2026-06-01 ~21:08 User reports "no ingress coming in." Investigation starts.
21:09 Isolated: origin healthy (direct to .203 → 200/302), public path → 502. cloudflared logs pin origin to dead .200:443.
21:10 Confirmed tunnel config is Terraform-managed (cloudflare_zero_trust_tunnel_cloudflared_config.sof), origin = .200 on both ingress rules.
21:13 Vault unreachable via public name (circular dep); worked around with temp /etc/hosts.203. tg init -reconfigure (rotated PG backend creds).
21:15:25 Targeted apply: both ingress origins → https://traefik.traefik.svc.cluster.local:443. Apply complete! 1 changed.
21:15:3450 cloudflared pushes config version=253; pods converge.
21:16 10/10 curls to viktorbarzin.me → 200; 0 .200 errors across all pods; vault.viktorbarzin.me via real Cloudflare path → 200. Temp hosts entry removed.
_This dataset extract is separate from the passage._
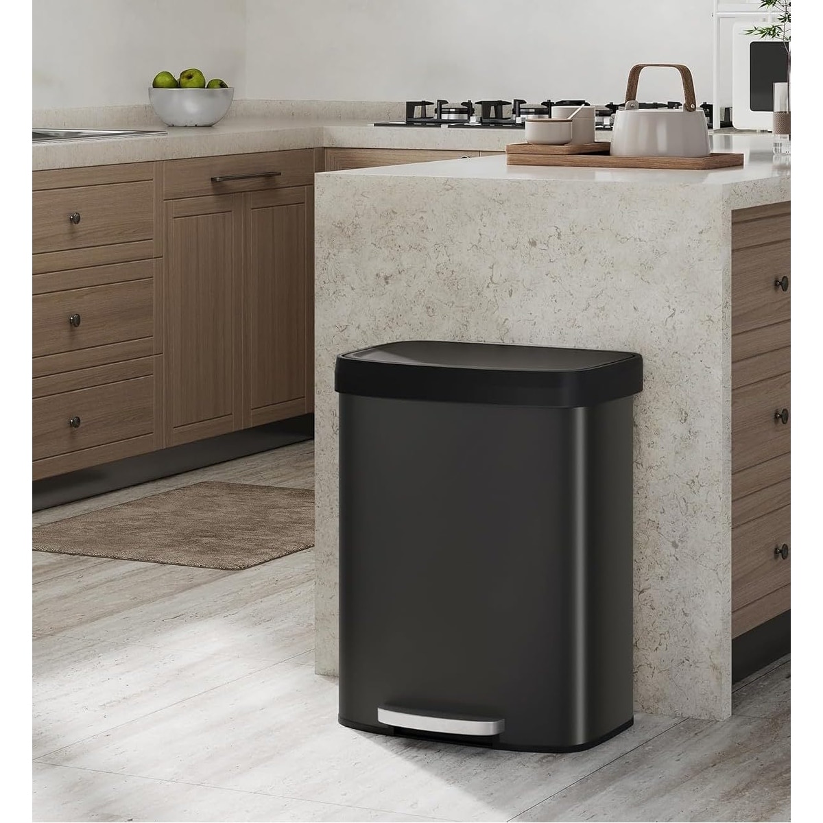 16 Gal Step Trash Can, Stainless Steel Large Capacity Bin with Soft-Close Plastic Lid for Kitchen, Black

Resolved.

Resolution

Changed both ingress_rule blocks in cloudflare.tf from https://10.0.20.200:443 to https://traefik.traefik.svc.cluster.local:443 (no_tls_verify = true retained). Applied surgically with -target on the tunnel config resource only, to avoid touching two pre-existing, unrelated drift items the full plan surfaced (see below).

Pre-existing drift (NOT part of this incident, left untouched)

The full cloudflared stack plan showed two extra in-place changes, deliberately not applied:

  1. kubernetes_deployment.cloudflared — TF would strip Keel's runtime annotations (keel.sh/policy|pollSchedule|trigger|update-time). The deployment ignores dns_config but not metadata.annotations, so Keel's enrollment annotations look like drift. Self-healing (Keel re-adds within its 1h poll), but a clean fix is to add metadata[0].annotations (and the template equivalent) to ignore_changes, or codify the policy annotation in TF.
  2. cloudflare_record.mail_domainkey_rspamd — cosmetic re-chunking of the DKIM TXT record (identical key, different 255-char split). Benign.

Action Items

  • Repoint tunnel origin to Traefik Service DNS (this fix).
  • Post-mortem written; CLAUDE.md networking claim is now actually true.
  • Pin exact outage-start via Uptime-Kuma [External] monitor history / ExternalAccessDivergence firing time (confirm whether it began at the 05-30 move and went unnoticed, or at a later tunnel re-apply).
  • Verify ExternalAccessDivergence is wired to a channel that gets seen — this is the only alert that catches external-only breakage; it apparently did not prompt action for ≤2.5 days.
  • Migration checklist: when an LB IP changes, grep the whole repo for the old IP before declaring done (this and the forgejo redirect were both missed .200 references on 2026-05-30).
  • (Optional) Address the cloudflared Keel-annotation drift so the stack plans clean.

Lessons

  • Reference shared infra (Traefik) by stable Service DNS, not LB IP, from anything that can use cluster DNS. IPs are migration landmines.
  • Keep docs honest: a doc that describes intended design as current reality hides exactly this class of bug.
  • External-only outages are invisible from the LAN (split-horizon). The [External] divergence signal is load-bearing — it must be trustworthy and seen.